En ook beelden die weliswaar een inbreuk op de privacy opleveren, maar
bij kennisneming waarvan een publiek belang bestaat, mogen niet
gemaakt (noch gepubliceerd) worden. De verordening maakt bescherming
van de privacy van de bewoners van De Eikenhorst tot een absoluut
recht, terwijl vaste rechtspraak is dat het recht op privacy niet
absoluut is, maar onder omstandigheden moet wijken voor andere
fundamentele rechten, zoals de vrije nieuwsgaring. De verordening
sluit iedere rechterlijke toetsing uit, niet alleen toetsing achteraf
maar zelfs preventieve toetsing, van de toelaatbaarheid van publicatie
van een foto genomen vanaf een plaats gelegen binnen het bedoelde
gebied. Dit terwijl vast staat dat tussen de foto's die in strijd met
de verordening zijn genomen ook exemplaren zullen zitten die
rechterlijke toetsing zouden doorstaan, ofwel omdat zij überhaupt geen
inbreuk opleveren op privacy of veiligheid van het kroonprinselijk
paar, ofwel omdat (rechterlijke) belangenafweging in een gegeven geval
leidt tot het oordeel dat de informatievrijheid prevaleert. De
verordening, kortom, brengt mee dat een stuk (semi-)openbare ruimte
wordt "afgezet", waarbinnen op het gebied van visuele nieuwsgaring
helemaal niets mag gebeuren. Dat is meer dan nodig is om de door de
gemeente nagestreefde doelen te dienen.
14. Eiseressen verwijzen in dit verband naar de uitspraak van de
president van de rechtbank Den Haag over het door de minister van
landbouw, natuurbeheer en visserij, in 1997 - de facto - afgekondigde
verbod om, vanaf het terrein van varkenshouderijen, verslag te doen
van het doden van biggetjes in verband met de varkenspest epidemie,
ter rechtvaardiging van welk verbod de minister onder meer de
veiligheid van de betrokkenen en "piëteit met de varkenshouders" had
aangevoerd. De president oordeelde het verbod ontoelaatbaar, juist
omdat het zo algemeen was dat het iedere verslaggeving onmogelijk
maakte, óók verslaggeving waarbij de door de minister genoemde - op
zichzelf beschermenswaardige - belangen niet in het geding waren
(Pres. Rb. Den Haag 20 mei 1997, Mediaforum 1997-7/8).

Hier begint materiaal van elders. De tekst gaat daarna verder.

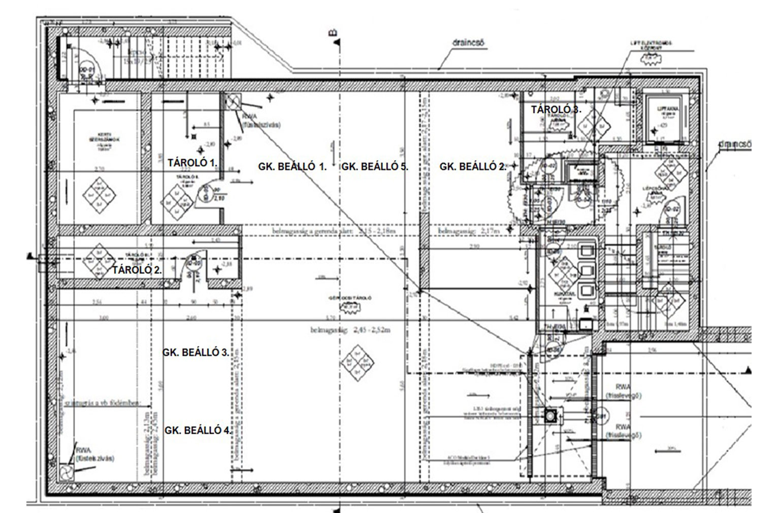 2. a teremgarázsban: 15.40m2

niet nodig ter bescherming van privacy
15. Bovendien, en in het verlengde van het bovenstaande, is de
verordening niet nodig om de door de gemeente Wassenaar nagestreefde
doelen te dienen. Het Nederlandse recht voorziet al in - minder diep
in de vrije nieuwsgaring ingrijpende - mogelijkheden om de privacy en
de veiligheid van de burger adequaat te beschermen. De verordening is
dus ook in strijd met het subsidiariteitsbeginsel.
16. Ter bescherming van de privacy bieden het onrechtmatigedaadsrecht
en - als species daarvan - het portretrecht (artikel 21 Auteurswet)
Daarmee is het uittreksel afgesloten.